Ripe seeds of invention everywhere abound, and it awaits only a certain combination of need, of circumstance and, above all, perhaps, of chance, to decide which shall germinate.
The High-Speed Internal-Combustion Engine by Harry Ricardo, 1923
“Ricardo’s “ripe seeds of invention”…begin to germinate around some settled platform…allowing a body of communal expertise to develop. The impatient optimizer may see such an inheritance as an obstacle, something to be swept away in the name of forward progress. Human beings are often bullheaded in their attachment to something suboptimal. Call it loyalty, call it perversity, or call it a cultural inheritance, this conservatism has at times been responsibe for amazing leaps forward, paradoxically enough…tradition can itself be an engine of progress. It organizes the transmission of knowledge. It also provides an idiom for some shared endeavor, and a set of historical benchmarks, such that one can imagine oneself outdoing particular human beings who came before, and who worked wthin the same basic limitations. Tradition thus provides a venue for rivalry in excellence, the kind that sometimes brings a whole community to new and unexpected places.

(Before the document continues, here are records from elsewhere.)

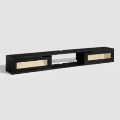 Modern Boho Floating TV Stand For TVs Up To 80″ With Rattan Doors Black – Saracina Home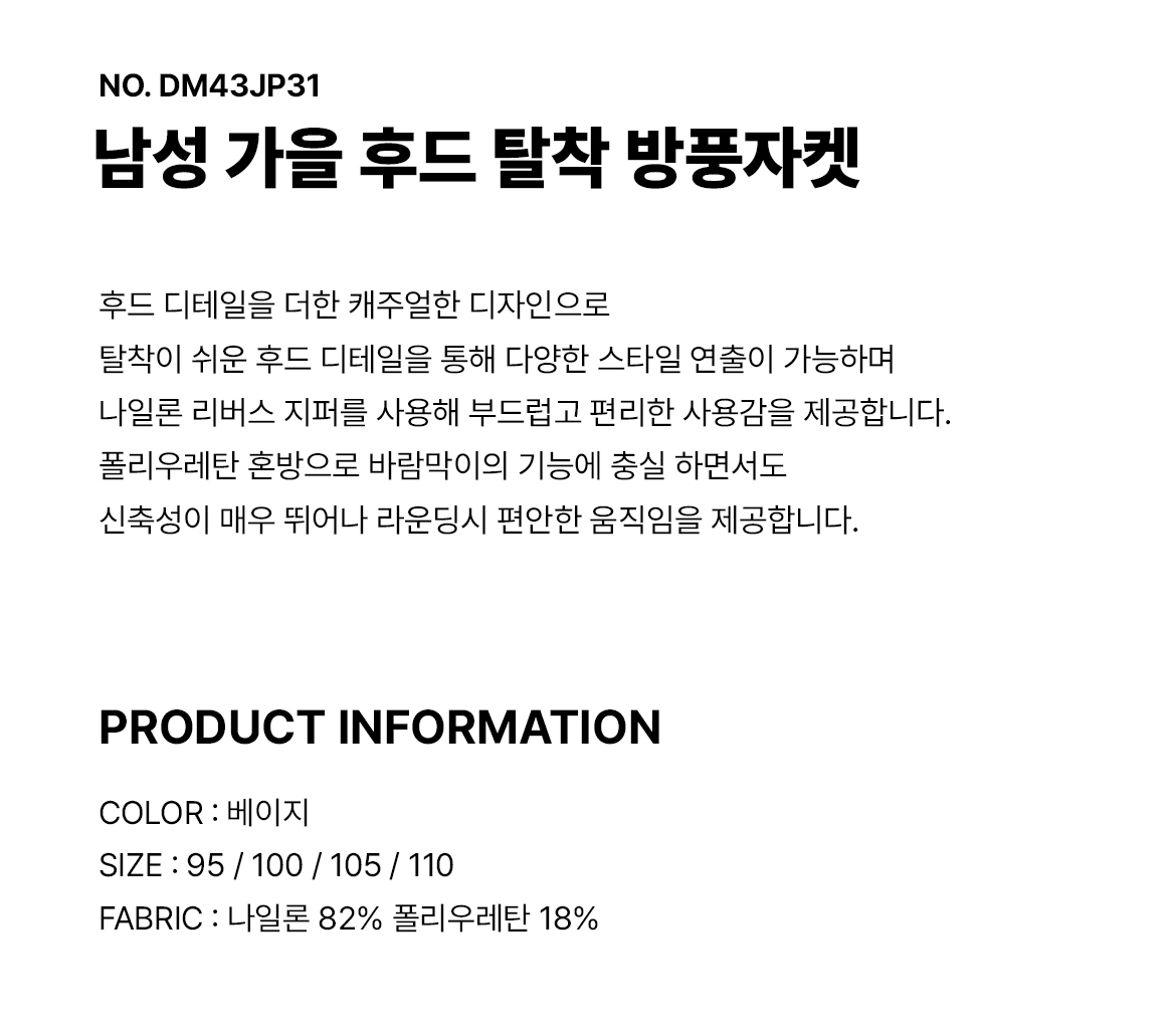 드루 남성 가을 후드 탈착 방풍자켓 DM43JP31_BE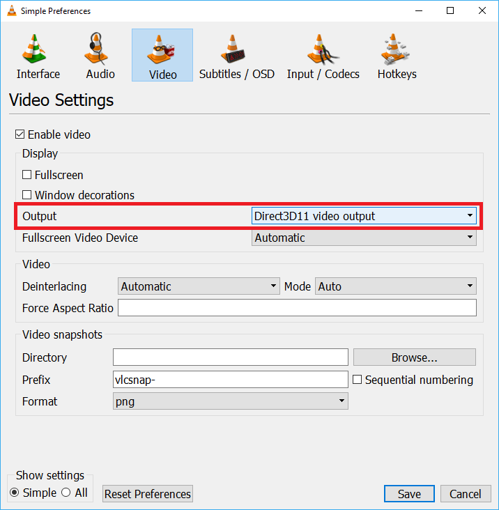 меню Tools > Preferences > Video > Output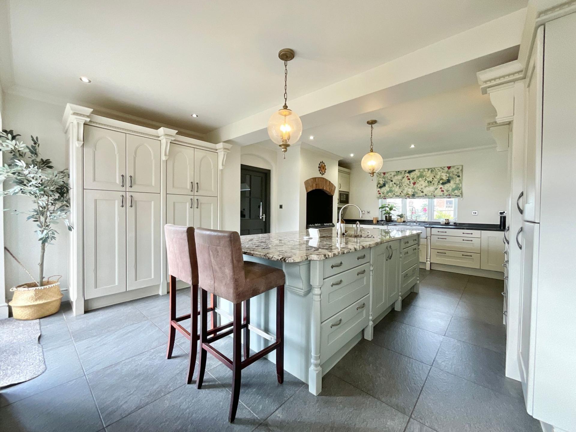 - Convenience meets practicality with a generous driveway accommodating multiple vehicles and a detached triple garage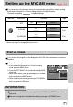 Setting up the MYCAM menu You can set up a start up image, start up sound and shutter sound. Every camera working mode (with the exception of Voice recording mode) has the MyCAM menu. The items indicated by are default settings. Menu tab Main menu Page Sub menu OFF USER IMAGE IMAGE 1 OFF S.SOUND P.89 IMAGE 2 IMAGE 3 OFF SOUND 1 SOUND 2 SOUND 3 OFF SOUND 1 SOUND 2 SOUND 3 P.90 P.90 SH.SOUND * Menus are subject to change without prior notice.

In this respect, I think it is fair to call hot-rodding an art form.”
This is, I’m certain, the most entertaining and engaging work of political philosophy that I will read all year. Crawford tells great stories about what we could call the “car culture’ to make serious arguments for defending the personal freedom integral to the act of driving, and the human virtues cultivated in making and doing stuff to cars. He attacks the particular threat of the autonomous car to critique the larger issues posed by the intrusion of ‘big data tech’ into our society.
Hot-rodding as an art form is a little tongue in cheek, but he’s not talking about street racing. He describes the ingenuity, creativity, and passionate pursuit of making something better, something imagined and created through a high level of craft. I’m never going to pick up a wrench let alone tear down an engine, but I can sincerely admire the skill and passion that the car enthusiast pours into realizing a personal vision.
His title is what caught my attention. Didn’t quite have me at “Drive” but he hooked me with “the Open Road”. I love to drive and I love a road trip above almost anything. The prospect of the so-called autonomous car fills me first with bafflement – who doesn’t want to be in control and enjoy the physical sensations of driving? – and then incredulity – who thinks these systems would be any more error free or secure than any other bug and hack riddled software that we know? – and then fear and outrage – are some “experts” going to force us to relinquish yet another piece of personal independence and active agency?
I feel more and more uncomfortable with what has been aptly named “surveillance capitalism” (Shoshana Zuboff, The Age of Surveillance Capitalism) and anxious about its relentless extension into our lives. I have no wish to be a passive engine of consumption, but it is harder and harder to defend privacy and avoid (or even recognize) the little nudges and gentle steerings that intrude into every activity.
“…the Blob that seeks to claim every nook and cranny of human experience as raw material to be datafied and turned to its own profit. What this amounts to is a concentration of wealth, a centralization of knowledge, and an atrophy of our native skills to do things for ourselves.
However one comes down on a contest such as that between…consumer convenience and a living wage, between waiting an extra five minutes to hail a cab versus spending an extra ten minutes in traffic because the streets are flooded with empty Ubers, shouldn’t these questions be decided by us, through democratic contest and market forces? That is not at all what is happening. It is more like colonial conquest, this new and very unilateral form of political economy.”
Definitely a bigger issue than keeping my car keys. That’s important too. I like to drive, I like to use the skills developed over many years and miles of driving, I like making the choice of route even if it’s not GPS “optimal”, and I enjoy (mostly) the interaction with fellow drivers as we share the community of the road.
“To drive is to exercise one’s skill at being free, and one can’t help but feel this when one gets behind the wheel. It seems a skill worth preserving.”